Cancer Metabolism, Cancer Metabolism? It’s Complicated

As a succession of researchers and clinicians presented their research and revealed the myriad ways by which cancer cells overcome the metabolic limitations that would, ordinarily, limit their growth, I couldn’t help thinking of the over-simplified “cures” that are so often promoted in the lay press and social media. The alkaline diet, ketogenic diet, DCA (dichloroacetic acid), are all proposed by their backers, as cure-alls through their purported impact on metabolism. Ironically, there is some biological plausibility deeply buried in each of those, often over-stated, claims. Some are even being tested for their ability to enhance conventional therapies by making cancer cells more vulnerable to those treatments. However, like many conventional therapies, these proposed alternative cure-alls are not enough, in themselves, to prevail against cancer.

Research on the impact of lifestyle factors on cancer cell metabolism is at a relatively early stage, but diet, physical activity and body fatness all have substantial impacts on our metabolism. Understanding how best to apply those factors and, in which patients, is a rapidly expanding focus of research.

 

Cancer cells – adapt and thrive

The foundation of all proposed metabolic approaches to cancer therapies is the theory that cancer cells are more restricted in the types of fuel that they can use, compared to normal healthy cells. By extension, starving the tumor of its preferred fuel or making it more difficult for cancer cells to use that fuel, will stop cancer in its tracks while sparing normal cells that can use other fuels. Unfortunately, cancer cells can be exquisitely adept at activating ways to exploit other available fuel sources. The metabolic programs that cancer cells activate to overcome these hurdles are not new; the instructions for these mechanisms are already coded in our DNA. These mechanisms have evolved to enable us to develop from embryos, to sustain us during starvation, to repair us after injury or protect us from infection. Cancer cells merely hijack these programs to perpetuate their growth at the expense of the patient.

Scavenge and survive

Probably the most striking statement of the conference, for me, was “if you can scavenge it, you don’t need to synthesize it,” said, Dr. Aimee Edinger, Associate Professor at University of California, Irvine. Cancer cells can become the ultimate scavengers, even exploiting the destruction of neighboring cancer cells by treatments, as a source of fuel and building material for further their own growth. This means that treatments that target a single pathway or cellular fuel may produce an initial response but be prone to the development of resistance to that therapy. However, treatments that use combination approaches may overwhelm the adaptability of cancer cells and deliver the knock-out punch.

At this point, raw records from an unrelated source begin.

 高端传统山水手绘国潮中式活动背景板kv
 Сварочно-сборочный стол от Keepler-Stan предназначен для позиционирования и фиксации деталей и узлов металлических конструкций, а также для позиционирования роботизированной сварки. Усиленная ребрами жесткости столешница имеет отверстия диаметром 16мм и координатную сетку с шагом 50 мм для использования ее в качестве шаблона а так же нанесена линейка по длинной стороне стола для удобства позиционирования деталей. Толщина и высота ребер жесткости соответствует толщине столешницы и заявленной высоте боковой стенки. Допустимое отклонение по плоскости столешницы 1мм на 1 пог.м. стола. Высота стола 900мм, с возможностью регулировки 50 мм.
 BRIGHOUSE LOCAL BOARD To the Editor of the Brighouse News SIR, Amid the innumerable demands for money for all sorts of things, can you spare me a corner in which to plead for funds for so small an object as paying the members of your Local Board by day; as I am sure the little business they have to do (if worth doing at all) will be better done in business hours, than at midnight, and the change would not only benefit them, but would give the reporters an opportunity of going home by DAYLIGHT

Another theme of the meeting was that cancer metabolism is not merely a passive passenger, swept along by the genetic chaos of a cancer cell; metabolism drives the behavior of cancer cells. Metabolism can reprogram cells, protect cancer cells from immune attack and ultimately control the fate of the tumor and the patient. Consequently, therapeutic and lifestyle approaches designed to adjust the metabolism of cancer cells (and their surrounding micro-environment) may provide a way to both change the biology of the tumor and to make them more amenable to available treatments.

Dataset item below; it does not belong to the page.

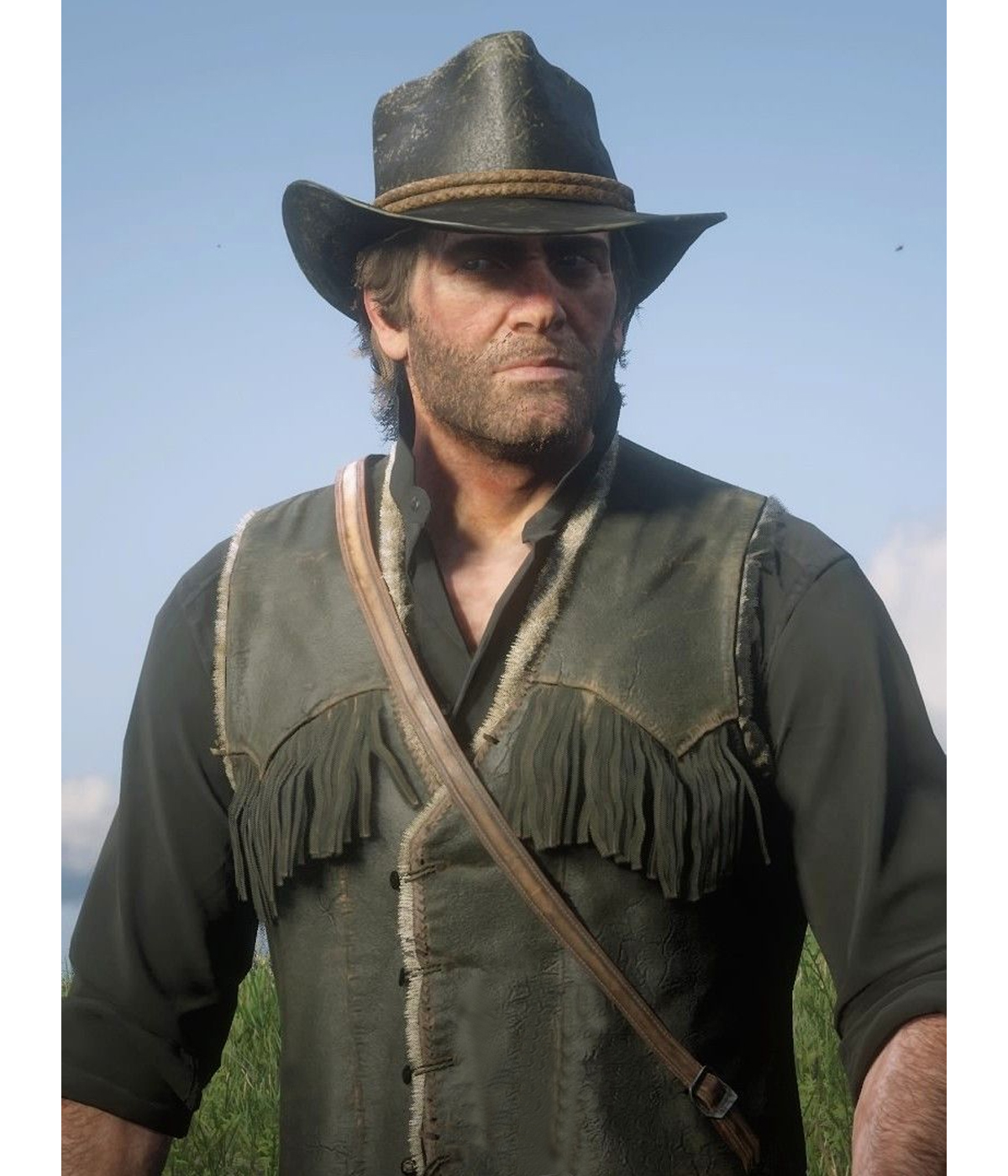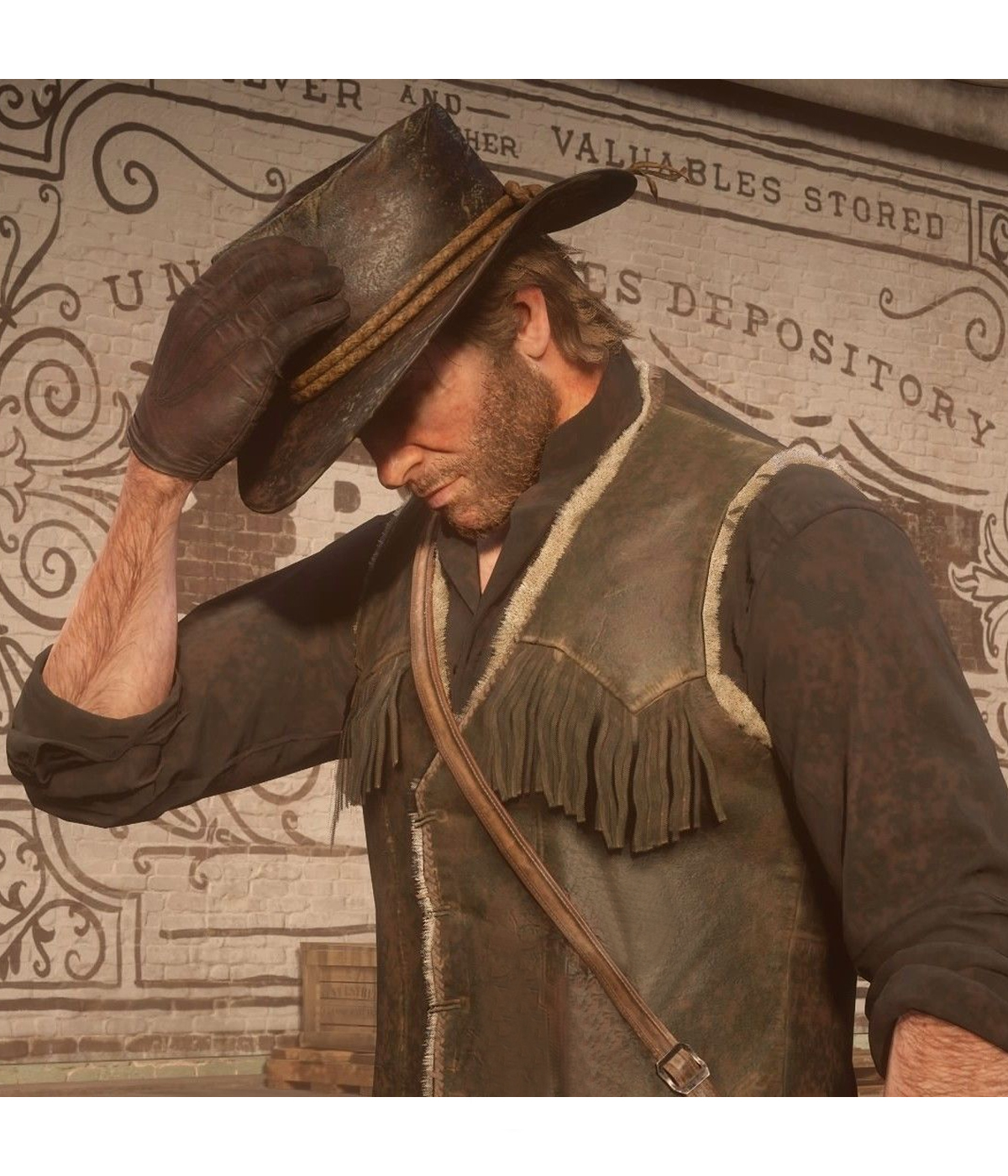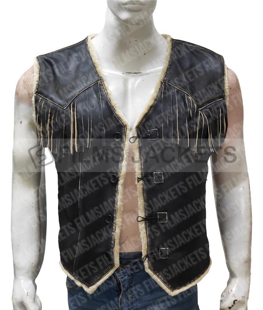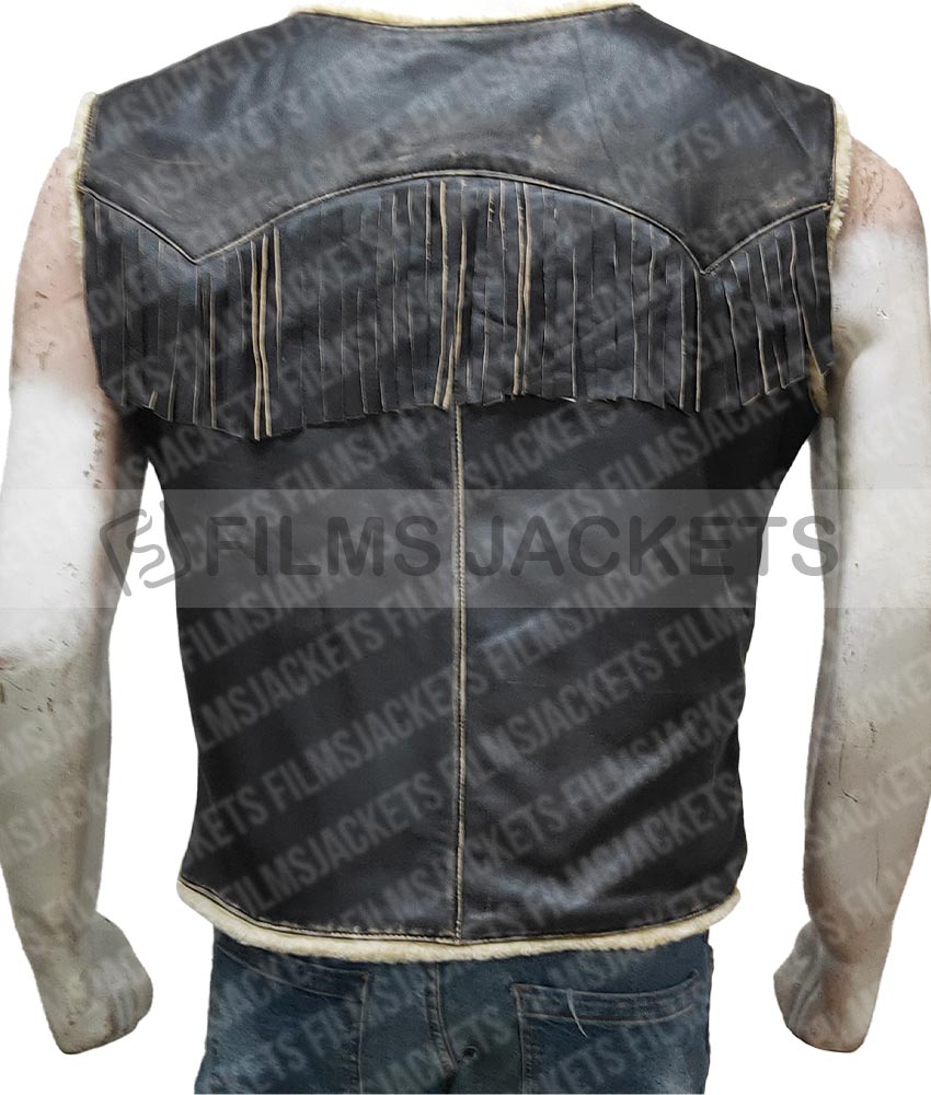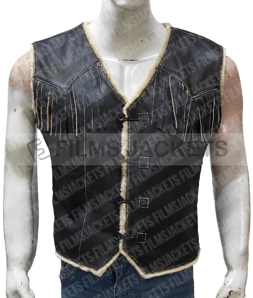 RDR2 Arthur Morgan Black Leather Fringe Shearling Vest

In many ways, the traditional perception of cancer as an exclusively genetic disease created a binary view of its treatment; the only option was to destroy the rogue cells…or not. However, if changing the metabolic environment can impact the trajectory of disease and engineer vulnerabilities, metabolic approaches will increasingly be part of the strategy for both cancer treatment and prevention. Research on the impact of lifestyle factors on cancer cell metabolism is at a relatively early stage, but diet, physical activity and body fatness all have substantial impacts on our metabolism. Understanding how best to apply those factors and, in which patients, is a rapidly expanding focus of research.